In the image forming process performed by the image forming apparatus of the construction described above, each of the four rotating photoreceptor drums 1 included in the four process units 100 is uniformly charged at about -500 V by the contact charging roller 5 to which is applied an AC-superposed DC bias. The photoreceptor drum 1 uniformly charged by the charging roller 5 is selectively exposed to light emitted from the light exposure section 7 consisting of a fixed scanning head for performing a light exposure using a phosphor so as to form an electrostatic latent image on the surface of the photoreceptor drum 1. The electrostatic latent image is then developed in the developer 9 into a predetermined color image by the developing agent, which is sufficiently charged in advance, of a predetermined color.

On the other hand, the paper sheet P is picked up by the pick-up roller 27 from the paper feeding cassette 25 so as to be sent into the paired resist rollers 29. Upon receipt of the paper sheet P, the resist rollers 29, which are rotated to take timing with rotation of the photoreceptor drum 1, permit the paper sheet P to be sent onto the endless belt 11.

When the paper sheet P is transferred to a transfer position of the first process unit 100a, a bias voltage is applied from the power supply roller 23a to the endless belt 11, with the result that a transfer electric field is formed between the photoreceptor drum 1a and the endless belt 11. It follows that the first developing agent on the surface of the photoreceptor drum 1a is transferred onto the paper sheet P. Then, the paper sheet P bearing the first developed image is transferred to reach the photoreceptor drum 1b of the second process unit 100b. Then, the second developed image formed on the surface of the photoreceptor drum 1b is transferred onto the paper sheet P bearing the first developed image such that the second developed image is superposed on the first developed image. The paper sheet P bearing the first and second developed images is further transferred to reach the photoreceptor drum 1c and, then, the photoreceptor drum 1d, with the result that the third and fourth developed images are transferred onto the paper sheet P such that the first to fourth developed images are superposed one upon the other on the paper sheet P so as to reproduce the original color image on the paper sheet P.

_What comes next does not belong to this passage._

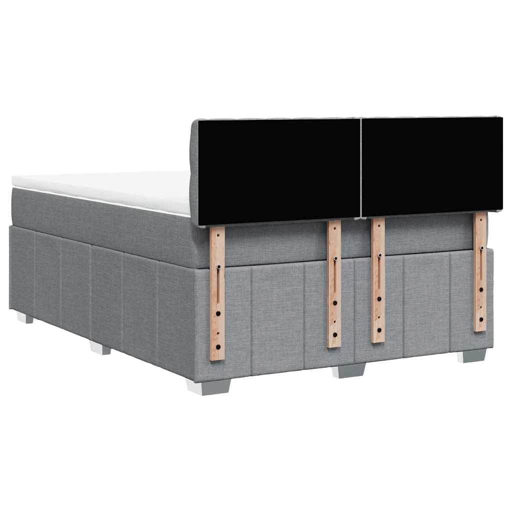 Mit diesem Boxspringbett genießt du eine erholsame Nachtruhe! Es sorgt für maximale Entspannung und einen angenehmen Schlaf. Weiches und strapazierfähiges Material: Das Polyestergewebe vereint Weichheit, Atmungsaktivität und Strapazierfähigkeit, sodass du ultimativen Komfort und Gemütlichkeit im Bett erlebst.Taschenfederkernmatratze: Diese Matratze hat einzelne Taschenfedern, die unabhängig voneinander arbeiten. Somit bietet sie dir optimalen Halt, indem sie auf Druckstellen in jedem Bereich unabhängig reagieren. Diese Konstruktion verhindert das "Zusammenrollen" und reduziert die Bewegungsübertragung im Vergleich zu alten Federkernmatratzen. Jede Taschenfeder stützt die Körper-Druckstellen individuell.Höhenverstellbares Kopfteil: Das Kopfteil ist nach Wunsch höhenverstellbar.Komfortable Matratzenauflage: Die Auflage verbessert den Halt und den Komfort mit ihrer weichen, atmungsaktiven Oberfläche und verlängert gleichzeitig die Lebensdauer deiner Matratze. Der abnehmbare Bezug ermöglicht ein einfaches Waschen, was die Pflege der Matratze zum Kinderspiel macht.Latten für optimale Unterstützung: Das Bettgestell ist mit Latten ausgestattet, die deine Matratze optimal stützen und auch für Atmungsaktivität sorgen. Gut zu wissen:Aus hygienischen Gründen kann die Matratze nicht zurückgegeben werden, wenn die Verpackung entfernt oder geöffnet wurde.

The paper sheet P bearing the first to fourth developed images in a superposed fashion is transferred from the endless belt 11 onto a fixing device 33 which comprises a heating roller 35 and a pressing roller 37 which is also heated. The paper sheet P bearing the developed images is passed between the heating roller 33 and the pressing roller 37 such that the developed images on the paper sheet P are in contact with the heating roller. As a result, the developed images are fixed to the paper sheet P.

After the paper sheet P is moved away from the endless belt 11, the surface of the endless belt is subjected to cleaning by a blade cleaning device 16.

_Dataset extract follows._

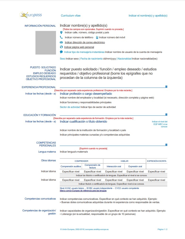 Plantilla de currículum Europass
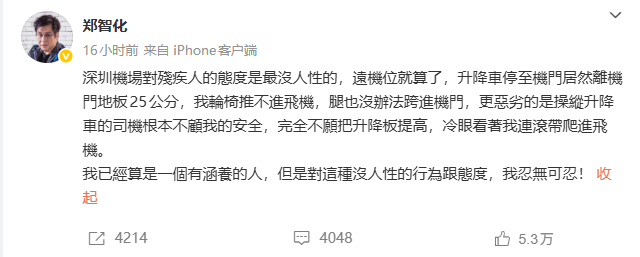 日前,歌手郑智化微博发文怒斥深圳机场对残疾人的态度没人性,升降车离机门地板25厘米,他的轮椅推不进飞机,腿也跨不进机舱门。操纵升降车的司机完全不愿把升降板提高,冷眼看着他连滚带爬进飞机。

The image forming apparatus of the particular construction has been found to be capable of transferring a developed image of any color onto the paper sheet P so as to form a colored image of an excellent color reproducibility.

Example 2:

An image formation was performed as in Example 1, except that silica particles A, B, C and D shown in Table 1 were used as additives for preparing first, second, third and fourth developing agents, respectively. The resultant color images were found to be satisfactory as in Example 1.

Example 3:

An image formation was performed as in Example 1, except that titanium oxide particles A, B, C and D shown in Table 2 were used as additives for preparing first, second, third and fourth developing agents, respectively. The resultant color images were found to be satisfactory as in Example 1.

Example 4:

An image formation was performed as in Example 1, except that additives A, B, C and D shown in Table 4, which consisted of silica particles and titanium oxide particles, were used as additives for preparing first, second, third and fourth developing agents, respectively. The resultant color images were found to be more satisfactory than in Examples 1 to 3.

Example 5:

The image forming apparatus used in Example 5 is a modification of the image forming apparatus used in Example 1, though the developing agents used in Example 5 were equal to those used in Example 1.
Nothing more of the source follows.